TRIBUNNEWS.COM, JAKARTA - Mantan Wakil Presiden (Wapres) Jusuf Kalla mengaku kaget atas isu penyadapan intelijen Australia terhadap dia dan presiden Susilo Bambang Yudoyono (SBY).
Ketua Umum Palang Merah Indonesia itu pun mendesak pemerintah harus protes keras, dan mengklarifikasi isu yang telah telah terpublikasi tersebut.
Ditemui di kantor Palang Merah Indonesia (PMI), Jakarta Selatan, Senin (18/11), JK mengatakan bila dugaan tersebut benar, Australia telah melanggar peraturan dan etika internasional.
"Saya tidak mau berandai-andai, kalau memang betul, pemerintah harus protes dan minta jawaban yang jelas. Pemerintah kan sudah memanggil Duta Besar Australia (Greg Moriarty), tapi sampai sekarang belum ada jawaban yang jelas," ujar JK, generasi pengusaha Haji Kalla dari Makassar, Sulawesi Selatan.
Menurut JK, motivasi suatu negara mepenyadap pemimpin negara lain adalah karena motif keamanan maupun politik.
Namun kata dia, Kanselir Jerman, Angela Merkel juga sempat diberitakan telah disadap Amerika Serikat.
Oleh karena itu pemerintah harus lebih berhati-hati dalam berkomunikasi, terutama Presiden SBY dalam memanfaatkan telepon selular.
"Jangan lupa (Angela) Merkel juga kena, kita harus lebih hati-hati," kata Kalla.

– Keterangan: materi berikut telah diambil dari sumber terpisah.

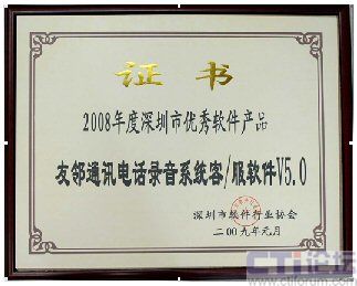 2009年1月,友鄰通訊電話錄音系統(tǒng)客/服軟件V5.0 榮獲由深圳市軟件行業(yè)協(xié)會頒發(fā)的“2008年度深圳市優(yōu)秀軟件產(chǎn)品”榮譽證書。“2008年度深圳市優(yōu)秀軟件產(chǎn)品”的評選是深圳市軟件行業(yè)協(xié)會在全市范圍內(nèi)舉辦的軟件產(chǎn)品推優(yōu)活動,經(jīng)過了企業(yè)申報、技術資料審核、專家評審等等幾大嚴格篩選程序。

Pengenai penyadapan atas teleponnya, kata JK, hal itu tidak bisa dianggap sebagai masalah pribadi. Penyadapan tersebut harus dipandang sebagai penyadapan pemerintah. Ia pun mengaku tidak akan melayangkan protes secara pribadi, karena protes harus dilayangkan oleh pemerintah.
JK menambahkan telepon seluler miliknya digunakan untuk banyak hal, mulai kepentingan pemerintahan hingga urusan pribadi. Mengenai pembicaraan rahasia antara dia dengan SBY, menurut JK hal itu tergantung dari tujuan penyadapan. "Tergantung, kalau menurut saya, bukan rahasia dan menurut dia rahasia gimana?" katanya nada meninggi.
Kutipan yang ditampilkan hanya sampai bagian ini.